– Hein ! quelle brute, quelle belle brute ! répétait Claude en parlant
de Marjolin avec une admiration envieuse. Et dire que cet animal-là est
heureux !… Quand ils vont avoir achevé leurs pommes, ils se coucheront
ensemble dans un de ces grands paniers pleins de plumes. C’est une vie ça,
au moins !… Ma foi, vous avez raison de rester dans la charcuterie ; peutêtre
que ça vous engraissera.
Il partit brusquement. Florent remonta à sa mansarde, troublé par ces
inquiétudes nerveuses qui réveillaient ses propres incertitudes. Il évita, le
lendemain, de passer la matinée à la charcuterie ; il fit une grande promenade
le long des quais. Mais, au déjeuner, il fut repris par la douceur fondante de
Lisa. Elle lui reparla de la place d’inspecteur à la marée, sans trop insister,
comme d’une chose qui méritait réflexion.
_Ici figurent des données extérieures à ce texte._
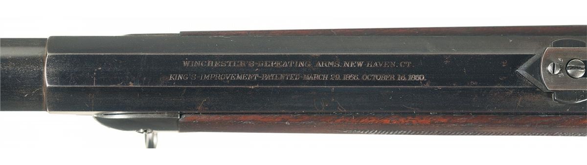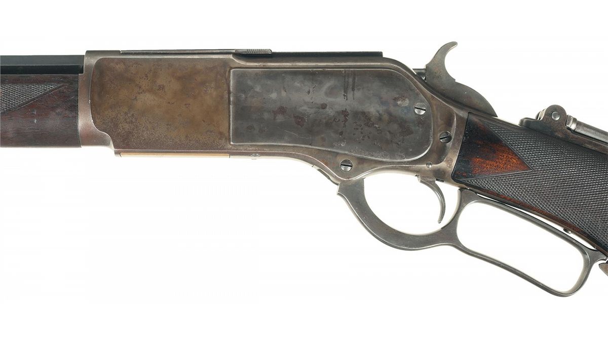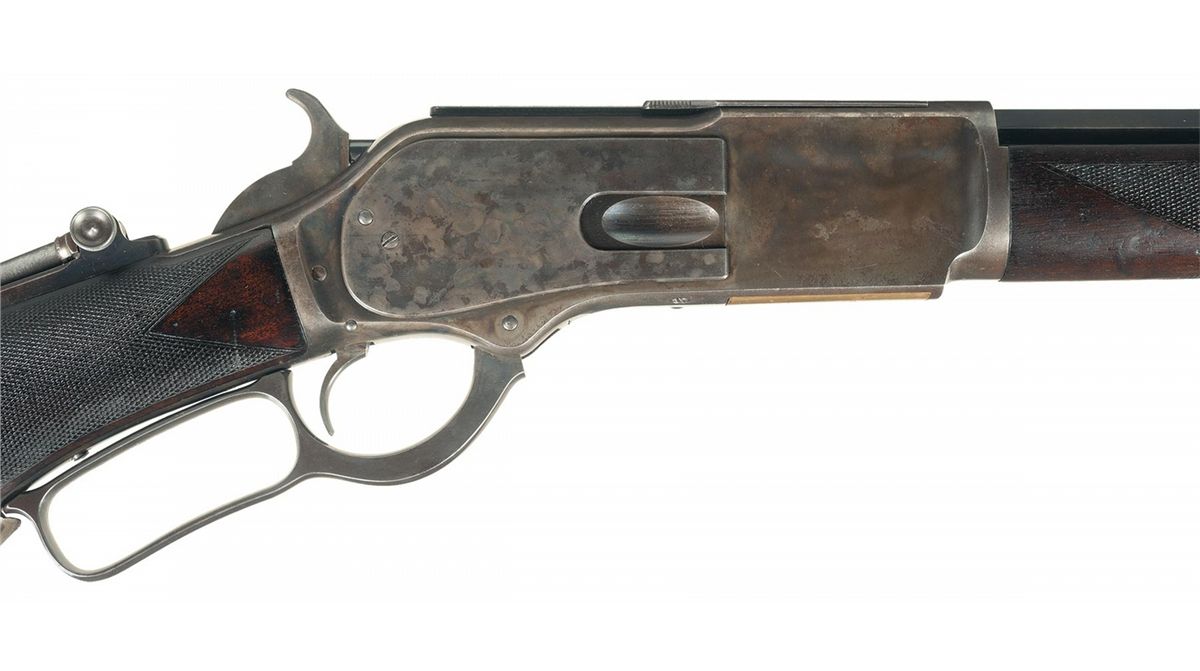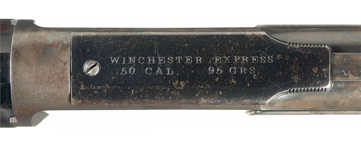 Very fine. The barrel has 85% of the blue finish intact with some light edge wear on the high points and muzzle and a small area where the finish has lifted on the upper right side. The dust cover and loading gate retain at least 85% of the bright blue finish. The forearm cap, receiver, hammer and lever have 60% plus of the casehardened finish intact. The case colors have faded slightly. There are several small spots of shallow pitting on the left side of the receiver and side plate. The buttplate has about 80% of the muted case colors intact. The brass cartridge elevator has a mellow untouched patina. The markings on the barrel and dust cover are crisp. The stock and forearm are very good. The checkered panels show light handling wear with scattered scratches on the stock and forearm. This is an exceptional example of a scarce Deluxe Special Order Winchester Model 1876, .50 Express rifle.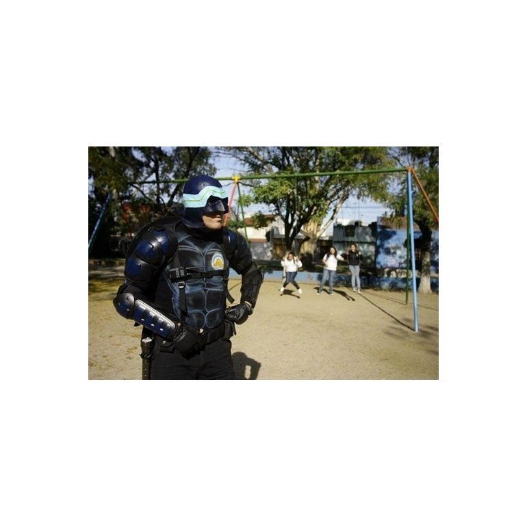 Utiliza un traje azul de superhéroe con luces de neón que tiene cierto parecido a personajes como Robocop, Batman y al Capitán América, incluso usa un escudo circular idéntico al de este personaje de historieta pero con los colores de la bandera argentina o el logo del club Lanús.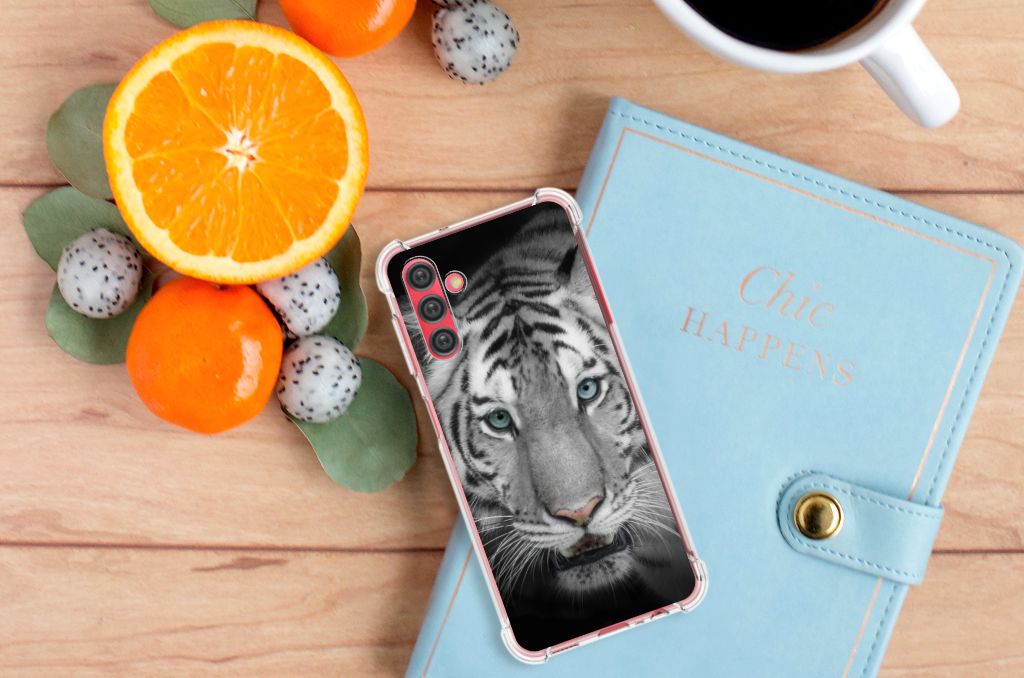 Ben je op zoek naar een uniek telefoonhoesje voor je Samsung Galaxy A13 5G | A04s? Dan ben je bij B2C Telecom aan het juiste adres! Speciaal voor jou hebben we dit prachtige Tijger design in onze collectie hoesjes opgenomen. Het design wordt bedrukt op een Case Anti-shock en is gemaakt van flexibel rubber. Het hoesje is perfect voor de actieve smartphonegebruiker door de opstaande randen/hoeken. Denk aan mensen die veel sporten, reizen of wandelen en net iets meer zekerheid willen als het op hun geliefde telefoon aankomt. Het design wordt alleen aan de bovenkant van het hoesje bedrukt en de randen blijven transparant. Aan de zijkanten zijn uitsparingen gemaakt waardoor je met gemak alle knoppen en poorten kunt bedienen. Wij adviseren om dit hoesje in combinatie met een screenprotector te gebruiken voor een langere levensduur van je telefoon. Wil je dit hoesje nog iets extra's geven? Voeg dan gratis je naam of een quote toe! Is dit design hoesje toch niet helemaal wat je zocht? Ontwerp dan zelf een hoesje in ons ontwerpprogramma.

Il l’écoutait, l’assiette pleine,
gagné malgré lui par la propreté dévote de la salle à manger ; la natte mettait
une mollesse sous ses pieds ; les luisants de la suspension de cuivre, le jaune
tendre du papier peint et du chêne clair des meubles, le pénétraient d’un
sentiment d’honnêteté dans le bien-être, qui troublait ses idées du faux et du
vrai. Il eut cependant la force de refuser encore, en répétant ses raisons, tout
en ayant conscience un mauvais goût qu’il y avait à faire un étalage brutal
de ses entêtements et de ses rancunes, en un pareil lieu, Lisa ne se fâcha pas ;
elle souriait au contraire, d’un beau sourire qui embarrassait plus Florent
que la sourde irritation de la veille. Au dîner, on ne causa que des grandes
salaisons d’hiver, qui allaient tenir tout le personnel de la charcuterie sur
pied.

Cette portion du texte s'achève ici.